Following the imminent Pectra upgrade, Ethereum will support a target of 6 blobs per block, up to a maximum of 9 blobs per block. PeerDAS then suggests a target of 48 blobs per block, up to a maximum of 72 blobs per block.
Given the fact that PeerDAS is an entirely new technique for data availability, there is some concern about moving from Pectra's blob limits directly to the PeerDAS theoretical max. To mitigate this concern, Fusaka could start at a much more conservative blob count with the implication that we would need additional network upgrades to further increase the blob count.
Each network upgrade carries an intrinsic amount of risk, and demand a lot of coordination work to carry out successfully. This fact implies that a progressive schedule to reach PeerDAS's full capacity across a series of network upgrades would likely take a long time. And simultaneously, demand for as much blob throughput as the protocol can provide is clear. We need as many blobs as possible as soon as possible.
To resolve this tension, we have seen several proposals for a more flexible deployment strategy using "blob parameter only (BPO)" forks:
- https://ethereum-magicians.org/t/blob-parameter-only-bpo-forks/22623
- https://eips.ethereum.org/EIPS/eip-7892
The intent of these proposals is to continue scaling the data layer while avoiding the overhead we see with a completely new network upgrade.
Blob schedule for Fusaka
Here's a specific BPO mechanism to consider for Fusaka.
Assuming (target, max) of (6,9) at the time of Fusaka deployment, blob throughput in the protocol would programmatically scale on the following schedule:
| Step | Increase | Blob count |
|---|---|---|
| T = 0 | 1x | (6, 9) |
| T = 2 weeks | 2x | (12, 18) |
| Previous T + 2 months | 2x | (24, 36) |
| Previous T + 2 months | 2x | (48, 72) |
T = 0 coincides with the deployment of Fusaka on mainnet. Each step occurs some time after that as given in the table.
This schedule gives 2 weeks to simply observe PeerDAS on mainnet with the existing blob counts. Then, we simply double blob capacity every 2 months until we reach the maximum we expect PeerDAS can support. Client implementations would be configured to perform these increases automatically without any input from a user. And to make it clear, there is only one network upgrade here: Fusaka.
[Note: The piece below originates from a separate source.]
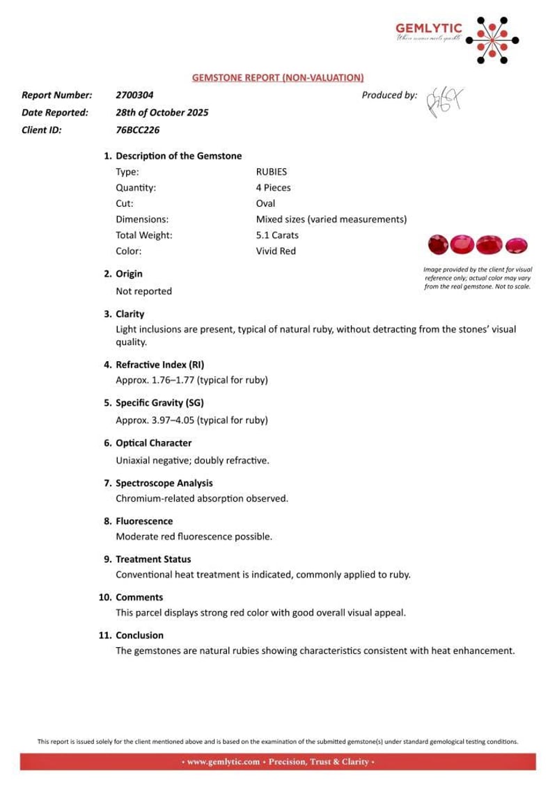 RUBIES - 5.1 CARATS - VIVID RED Quantity: 4 PcsReport Number: 2700304Clarity: Light Inclusions Are Present, Typical Of Natural Ruby, Without Detracting From The Stones’ Visual Quality.Measurements: Mixed SizesTreatments: Conventional Heat Treatment Is Indicated, Commonly Applied To Ruby.Origin: Not ReportedRefractive Index: Approx. 1.76–1.77 (Typical For Ruby)Specific Gravity: Approx. 3.97–4.05 (Typical For Ruby)Spectroscope Analysis: Chromium-Related Absorption Observed.Fluorescence: Moderate Red Fluorescence Possible.Comments: This Parcel Displays Strong Red Color With Good Overall Visual Appeal.Conclusion: The Gemstones Are Natural Rubies Showing Characteristics Consistent With Heat Enhancement. Condition: Good - Refer Images 0488985+7

This schedule is compatible with EIP-7892, and delivers the maximum impact from Fusaka PeerDAS on a reasonable timescale while giving the community time to react if we start to see degradation from excessive blob scaling. In the event we see issues, a different configuration can be shipped in clients that can delay (even indefinitely!) further increases until solutions are found.
Schedule parameters
Key parameters to this schedule are the quantity of increase (e.g. 2x at each step), and cadence (e.g. 2 months between steps). The concrete parameters above seem like a reasonable tradeoff between security and scale, pending further analysis as PeerDAS gets closer to mainnet. We can change these parameters to inhabit different points across this tradeoff.
Timing projection
It is not clear when Fusaka will go live on mainnet. Many core developers support a target of Q3'25 for Fusaka. Using this only for sake of this example, we can project blob capacity over 2025 and into 2026.
Mid-Sept 2025: Fusaka goes live
October 2025: (12, 18) blob (target, max)
December 2025: (24, 36) blobs
February 2026: (48, 72) blobs
Note this projection only demonstrates one possibility, and changing the above schedule would alter these dates. Moreover, future R&D on PeerDAS may suggest a schedule like this is not suitable to maintain mainnet's security and a different strategy will need to be pursued.